Originally Posted by
ScottARoush
thanks Tom....
From what you are saying, it sounds like it would be better to do a flat grind all the way to edge, or a slight hollow grind with edge at same level as spine to allow laying the razor completely flat on the stone... but if you put on a secondary bevel, then you can't simply lay it flat on the stone right??? You have hone it at the angle in which you set the secondary bevel...
As to honing to finer than 1000.... I'm not sure I understand that. If you get a wire edge and then polish it off with rouge on a strop.. you've achieved what you need to achieve right? My understanding of japanese water stones is that you form the edge at the coarser grits and the below that it's a series of polish grits that simply remove the wire edge without stropping. I could be way off base, but that is my understanding of sharpening japanese swords. Having said that, I do believe that honing is my problem. But I have a feeling it's because of my screwed up edge geometry. I'm about to just start completely over and go by some actual dimensions of an actual western styly razor. I reground last night to what looks to me to be a kamisori... and it's worse if anything. Shaves my cheek hair great... but can't get the chin and mustache.

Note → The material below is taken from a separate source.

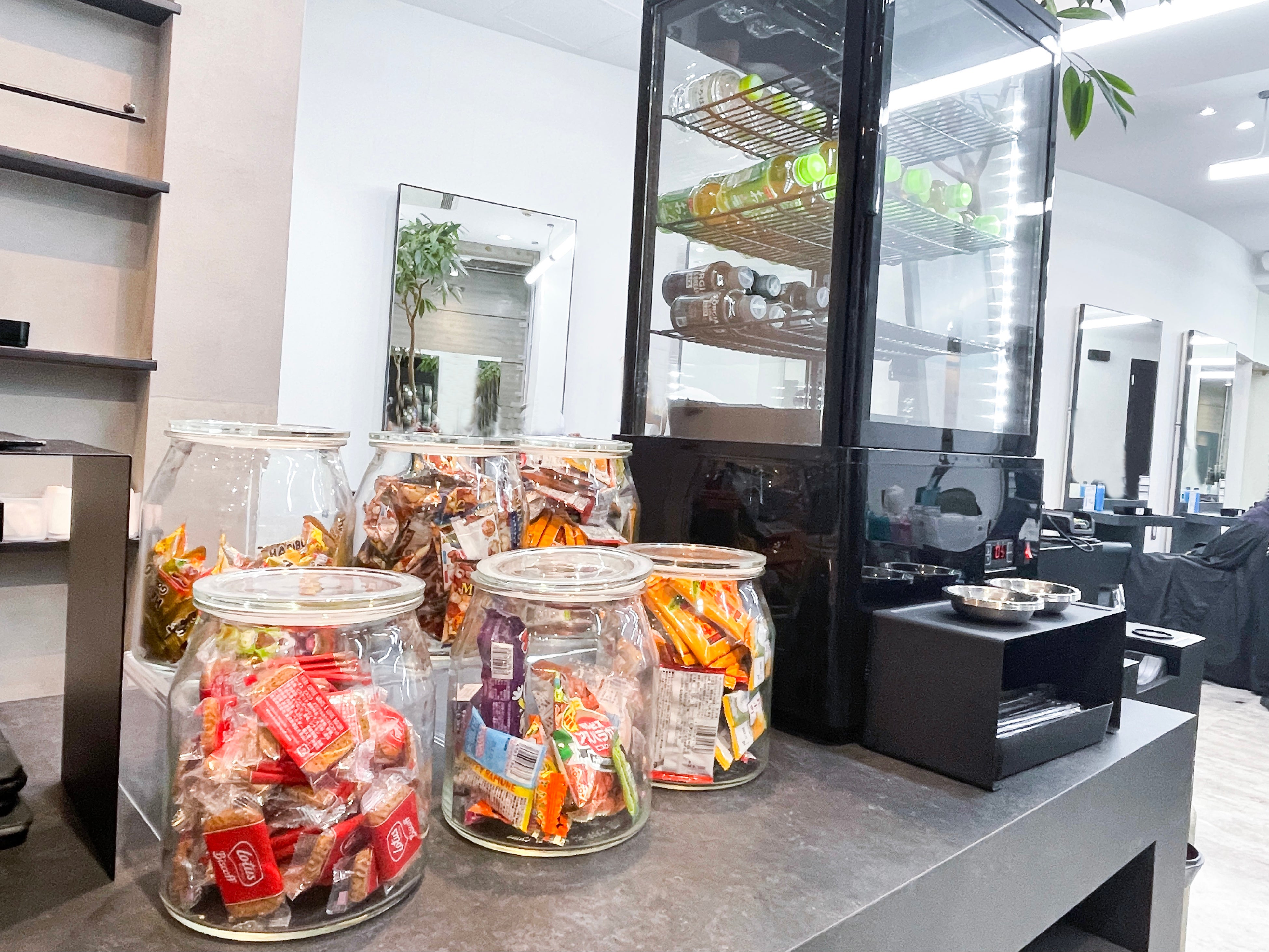 従来のサロンにはなかったドリンク+フードエリアやリラクゼーションエリアをご用意したのは、このサロンをただ髪を切るだけの場所ではなく、お客様にとって「癒やしの場所」として使っていただきたいという思いからです。

As to temper....Well I know my 1084 and I temper it to 400 which should be something like 58 rockwell which would be less than a commercial razor. but that's just a matter of ease and frequency of sharpening...not the actual quality of the edge according to my understanding. Also... I use a variable speed KMG set at low settings and sharp belt for putting the initial edge on with frequent water dips.... I've never had an issue with losing temper on the belt. But I've sure seen it happen!